BRASILIA (Reuters) - The Brazilian government on Monday authorized the employment of the National Security Force (FNS) to protect the Yanomami indigenous people and their reservation lands for 90 days in the northern state of Roraima bordering Venezuela.

The measure by the Justice Ministry published in the official gazette follows increasing attacks with firearms by illegal wildcat gold miners who have invaded Yanomami lands on Brazil's largest reservation.

More than 20,000 miners are illegally prospecting on the reservation and polluting rivers with mercury used to separate gold from ore.

Since the beginning of the year, there have been at least eight attacks by miners on Yanomami communities.

Last month, men on a speed boat shot at a village with an automatic weapon. Community leaders said the attack was aimed at intimidating the Yanomami who have tried to block miners coming up the rivers.

Supreme Court Justice Luis Roberto Barroso in May ordered the government of right-wing President Jair Bolsonaro to take immediate steps to protect the Yanomami, but little had been done so far.

The Yanomami are one of Brazil's most isolated people. An estimated 26,700 live on a reservation larger than Portugal that has been protected by law since 1992, extending from the Amazon jungle to the savannah region of Roraima.

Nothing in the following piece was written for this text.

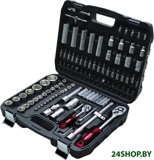 - Комплектация: головки 1/4” короткие 25 мм 4, 4.5, 5, 5.5, 6, 7, 8, 9, 10, 11, 12, 13, 14 ммголовки 1/4” глубокие 50 мм 6, 7, 8, 9, 10, 11, 12, 13 ммголовки 1/4” Е-профиль короткие 25 мм Е4, Е5, Е6, Е7, Е8головки-биты 1/4” HEX 35 мм 3, 4, 5, 6 ммголовки-биты 1/4” TORX 35 мм T8, T10, T15, T20, T25, Т27, T30головки-биты 1/4” SL 35 мм 4, 5.5, 6.5 ммголовки-биты 1/4” РН 35 мм РН.1, РН.2головки-биты 1/4” PZ 35 мм PZ.1, PZ.2трещотка 1/4” рукоятка 1/4” 150 ммвороток Т-образный 1/4” 115 ммудлинители 1/4” 50, 100 ммкардан шарнирный 1/4” биты 5/16” HEX 30 мм 5, 7, 8, 10, 12 ммбиты 5/16” TORX 30 мм T35, T40, T45, T50, T55биты 5/16” SL 30 мм 8, 10, 12 ммбиты 5/16” PH 30 мм PH.3, PH.4биты 5/16” PZ 30 мм PZ.3, PZ.4головки 1/2” короткие 38 мм 10, 11, 12, 13, 14, 15, 16, 17, 18, 19, 20, 21, 22, 24, 27, 30, 32 ммголовки 1/2" глубокие 77 мм 14, 15, 17, 19, 22 мм;головки 1/2" Е-профиль короткие 38 мм Е10, Е11, Е12, Е14, Е16, Е18, Е20, Е24головки свечные 1/2" 16, 21 ммтрещотка 1/2"удлинители 1/2" 125, 250 ммкардан шарнирный 1/2"адаптер с отверстием с 3/8"(F)*1/2"(M)битодержатель 1/2"(F)*5/16"(F)ключи Г-образные 6-гранные короткие 1.5, 2, 2.5 мм

Bolsonaro has criticized Brazil's 850,000 indigenous people for holding too much land protected against poachers and loggers. He favors allowing commercial agriculture and mining on indigenous land. Congress is considering legislation to allow that to happen.

The FNS is a special federal force made up of members of the military police seconded by Brazil's states and called on to provided security in exceptional cases.